HS-Mode Controller Code

The next reserved addresses are for the high-speed controller code. These codes are from 04 to 07. The eighth bit normally used for read or write indication is used as part of the high-speed controller code. These high-speed controller codes are reserved 8-bit codes which are not used for target addressing or other purposes. Each high-speed controller has a unique controller code and this allows for up to eight high-speed controllers on the I2C bus. The controller code for a high-speed mode controller device is software programmable and is chosen by the system designer.

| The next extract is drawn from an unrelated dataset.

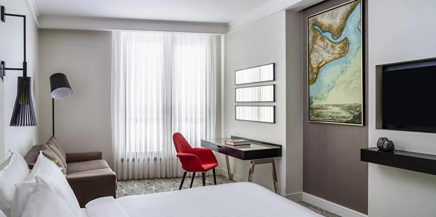 Haliç'in tarihini yansıtan ve en son yeşil bina teknolojisini içeren çağdaş bir tasarıma sahip olan İstanbul'daki bu butik otel, etkileyici sahil manzarası sunan toplam 136 geniş otel odası, gurme lezzetler sunan bir restoran, gençleştirici bir Spa ve son teknoloji ürünü beş toplantı odası sunmaktadır.

Devices that support high-speed mode begin operation in standard or fast mode. The controller code enables high-speed mode. The high-speed controller code allows for arbitration between the high-speed controllers and indicates the start of a high-speed mode transfer. The code enables internal current sources allowing the I2C communication bus to be faster than with just pullup resistors.

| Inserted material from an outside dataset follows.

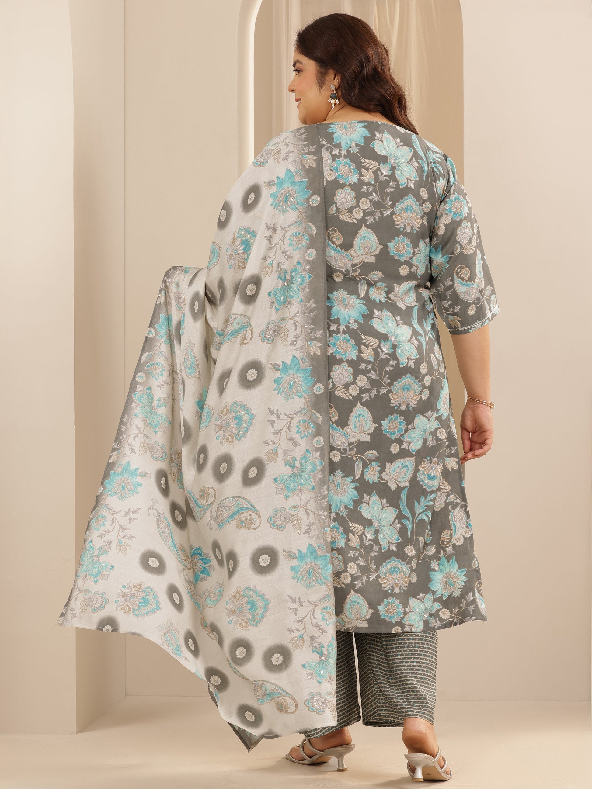 Plus Size Grey Printed Silk blend Straight Suit Set With Dupatta

When enabled, high-speed data transfer continues through the data transmission. A repeated START continues high-speed mode data transmission, while a STOP condition returns the I2C bus to fast or standard mode. Figure 5-2 shows the start transmission to the high-speed controller code. This diagram shows the beginning of a high-speed mode transmission.

Figure 5-2 I2C High-Speed Controller Code

For this and subsequent byte and bit frame diagrams, the shaded codes are set by the controller device, while the non-shaded codes are set by the target device.

At the start of communication, the device starts in standard or fast mode. The controller sends a START condition by pulling SDA low followed by pulling SCL low. Then, the first byte is sent with the reserved address used for the high-speed controller code. The controller code enables high-speed mode for all devices that are capable of high-speed mode, and the internal circuits of the controller for high-speed mode are enabled. Figure 5-3 shows a detailed figure on how the I2C high-speed mode is enabled followed by communication with data.

Figure 5-3 Enabling I2C High-Speed Mode

The controller then sends the target address of the high-speed mode device and follows with a read or write bit for communication. Data is transmitted by the controller or target, with ACK for each data byte similar to the standard I2C communication. The target device continues communication until receiving a STOP condition or receiving a repeated START for a new target address.